▸ WHAT TO DO
If an entry includes an image, drop the image and copy the rest verbatim.

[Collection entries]
================================

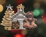 ?Style/Features: Show your favorite educator appreciation with this charming and unique teacher Christmas brooch. This festive, three dimensional pin is the perfect holiday school gift they can use all year long. Features a detailed school to honor their dedication. Constructed of all metal it has a gold holiday tree, silver school and copper gingerbread woman in an antiqued mixed metal design. It can be pinned on a messenger bag, backpack, lanyard, coat or proudly displayed in the classroom. Give a one-of-a-kind gift that is both appropriate and goes beyond a mug. Can also be used as a gift topper on a wrapped gift hung as an ornament too! Teacher will use and remember this gift for years. Ships in a crisp pale pink box ready for a red ribbon gifting.
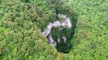 经过一番跋涉,团队终于来到了海拔1800米的大天坑坑口。从上面看,天坑坑壁大约有50到100米高,坑底宽阔,具有巨大的容积。
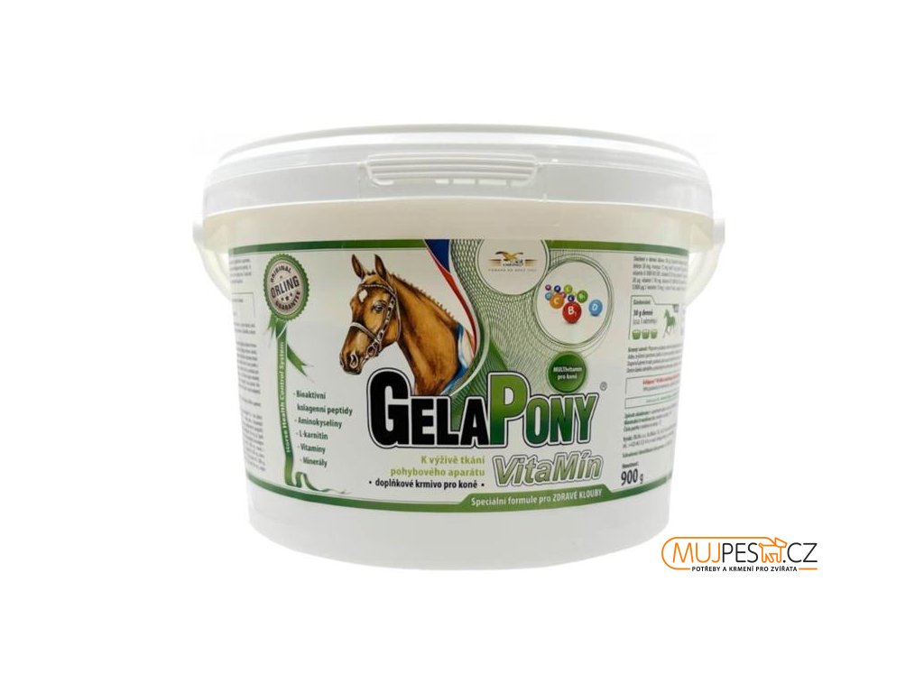 GelaPony VitaMín je doplňkové krmivo pro koně v zájmovém chovu, dostihové a sportovní. Představuje komplexní vitamíno-minerální doplněk s bioaktivními kolagenními peptidy. Je vhodný pro denní doplňování vitamínů a minerálních látek do krmné dávky koní. Současně zajišťuje příjem bioaktivních kolagenních peptidů pro preventivní výživu pohybového aparátu.
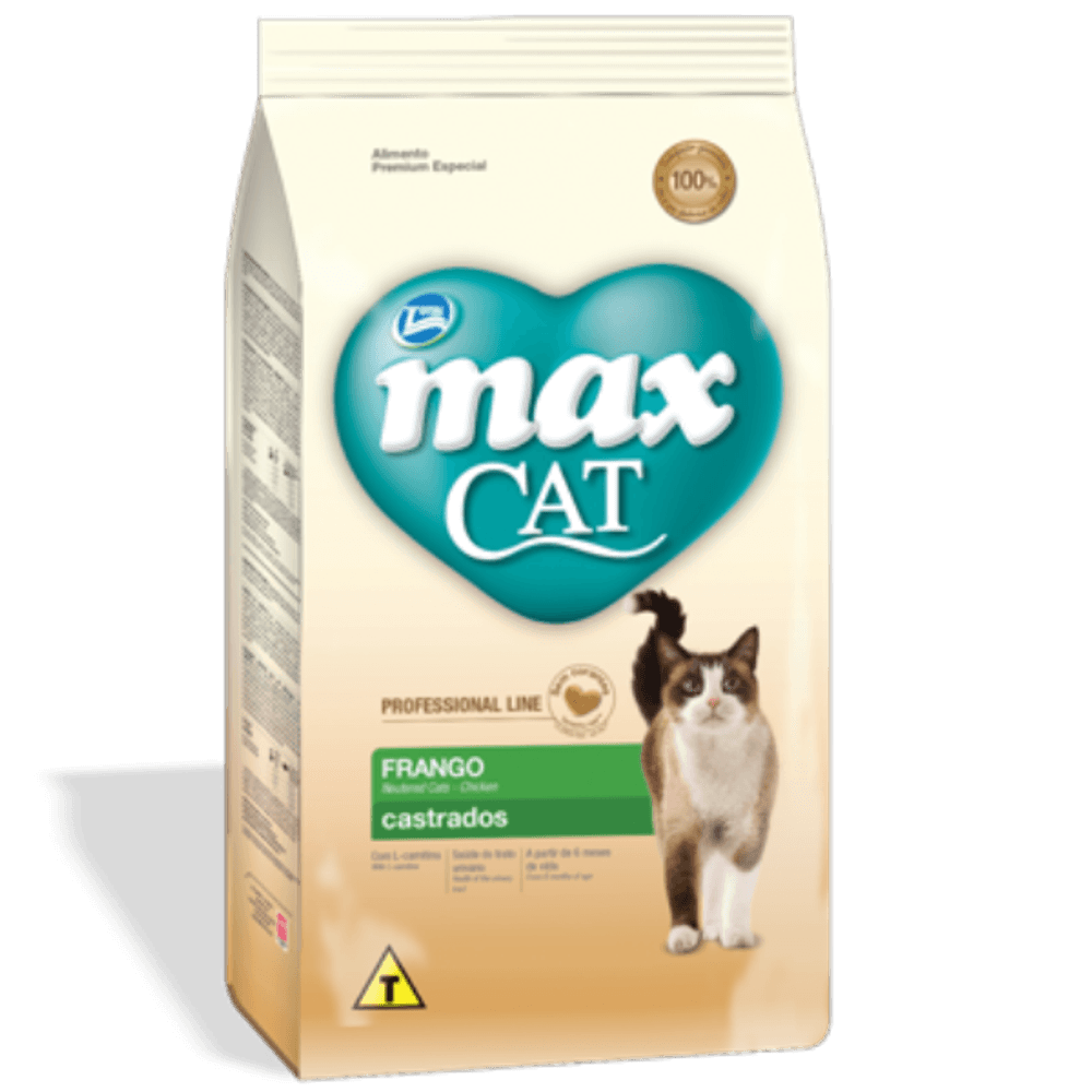 Max Cat Castrado ayuda a controlar el peso, refuerza la salud urinaria y digestiva en gatos esterilizados, con L-carnitina y sin colorantes.
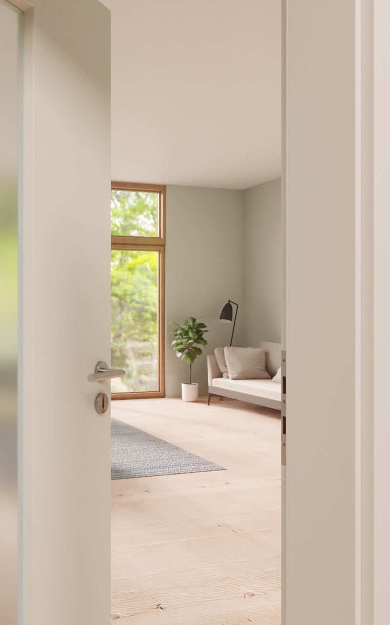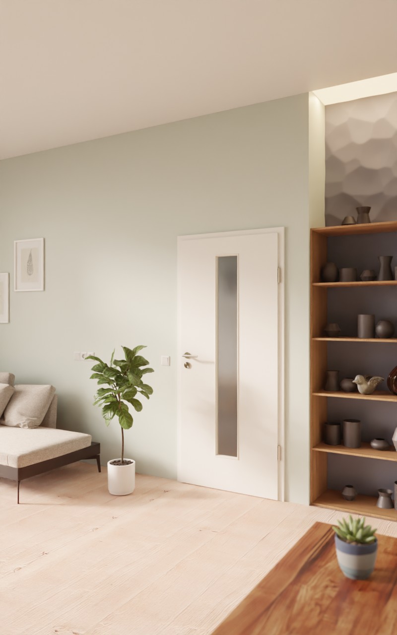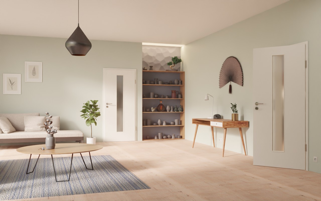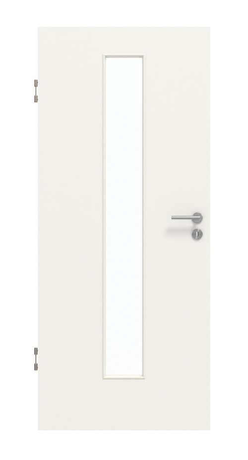 Wytrzymałe drzwi wewnętrzne w dekorze HPL Białe lakier 9016 z stylowym przeszkleniem:
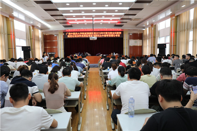 根据《中医住院医师规范化培训实施办法(试行)》(国中医药人教发〔2014〕25号)《Beat365中国唯一官方网站硕士研究生中期考核办法》(桂中医大研〔2014〕33号)文件要求,附属瑞康医院于7月30日至8月1日在瑞康临床医学院实训室进行了2019年中医住院(全科)医师规范化培训学员转段考核暨研究生中期考核,考生共计240人,含41名规培医师、199名研究生。
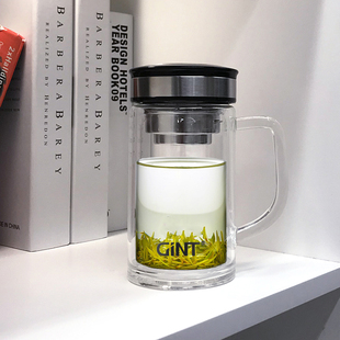 嘉特双层玻璃杯带茶隔商务办公杯茶杯340ML便携大容量
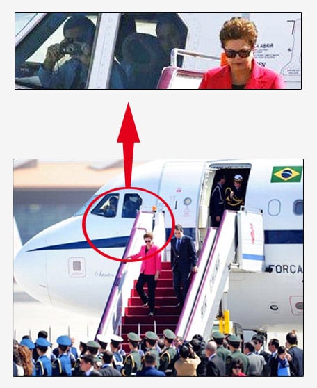 Hoje pela manhã, na China, quando Dilma desceu do AeroLula, o piloto da aeronave protagonizou uma cena ridícula. Diante do cerimonial diplomático chinês, Dilma desceu as escadas e o comandante tupiniquim, como um tiete, ficou tirando fotos a partir da cabine. Veja : clique aqui.
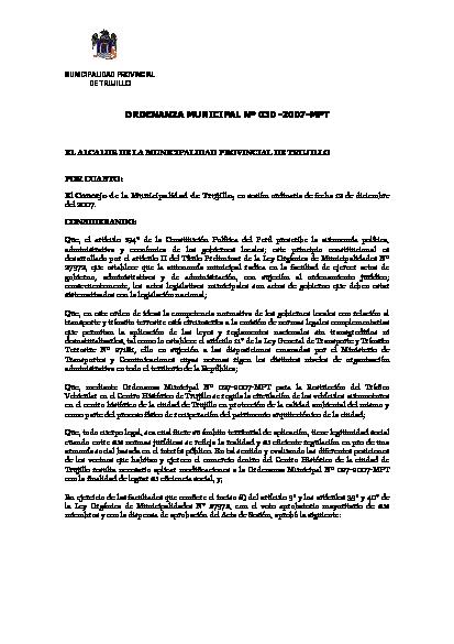 Ordenanza que modifica la Ordenanza Municipal Nº 027-2007-MPT que regula la restricción del tránsito vehicular en el Centro Histórico de Trujillo

================================

▸ ANSWER AREA
 ?Style/Features: Show your favorite educator appreciation with this charming and unique teacher Christmas brooch. This festive, three dimensional pin is the perfect holiday school gift they can use all year long. Features a detailed school to honor their dedication. Constructed of all metal it has a gold holiday tree, silver school and copper gingerbread woman in an antiqued mixed metal design. It can be pinned on a messenger bag, backpack, lanyard, coat or proudly displayed in the classroom. Give a one-of-a-kind gift that is both appropriate and goes beyond a mug. Can also be used as a gift topper on a wrapped gift hung as an ornament too! Teacher will use and remember this gift for years. Ships in a crisp pale pink box ready for a red ribbon gifting.
 经过一番跋涉,团队终于来到了海拔1800米的大天坑坑口。从上面看,天坑坑壁大约有50到100米高,坑底宽阔,具有巨大的容积。
 GelaPony VitaMín je doplňkové krmivo pro koně v zájmovém chovu, dostihové a sportovní. Představuje komplexní vitamíno-minerální doplněk s bioaktivními kolagenními peptidy. Je vhodný pro denní doplňování vitamínů a minerálních látek do krmné dávky koní. Současně zajišťuje příjem bioaktivních kolagenních peptidů pro preventivní výživu pohybového aparátu.
 Max Cat Castrado ayuda a controlar el peso, refuerza la salud urinaria y digestiva en gatos esterilizados, con L-carnitina y sin colorantes.
 Wytrzymałe drzwi wewnętrzne w dekorze HPL Białe lakier 9016 z stylowym przeszkleniem:
 根据《中医住院医师规范化培训实施办法(试行)》(国中医药人教发〔2014〕25号)《Beat365中国唯一官方网站硕士研究生中期考核办法》(桂中医大研〔2014〕33号)文件要求,附属瑞康医院于7月30日至8月1日在瑞康临床医学院实训室进行了2019年中医住院(全科)医师规范化培训学员转段考核暨研究生中期考核,考生共计240人,含41名规培医师、199名研究生。
 嘉特双层玻璃杯带茶隔商务办公杯茶杯340ML便携大容量
 Hoje pela manhã, na China, quando Dilma desceu do AeroLula, o piloto da aeronave protagonizou uma cena ridícula. Diante do cerimonial diplomático chinês, Dilma desceu as escadas e o comandante tupiniquim, como um tiete, ficou tirando fotos a partir da cabine. Veja : clique aqui.
 Ordenanza que modifica la Ordenanza Municipal Nº 027-2007-MPT que regula la restricción del tránsito vehicular en el Centro Histórico de Trujillo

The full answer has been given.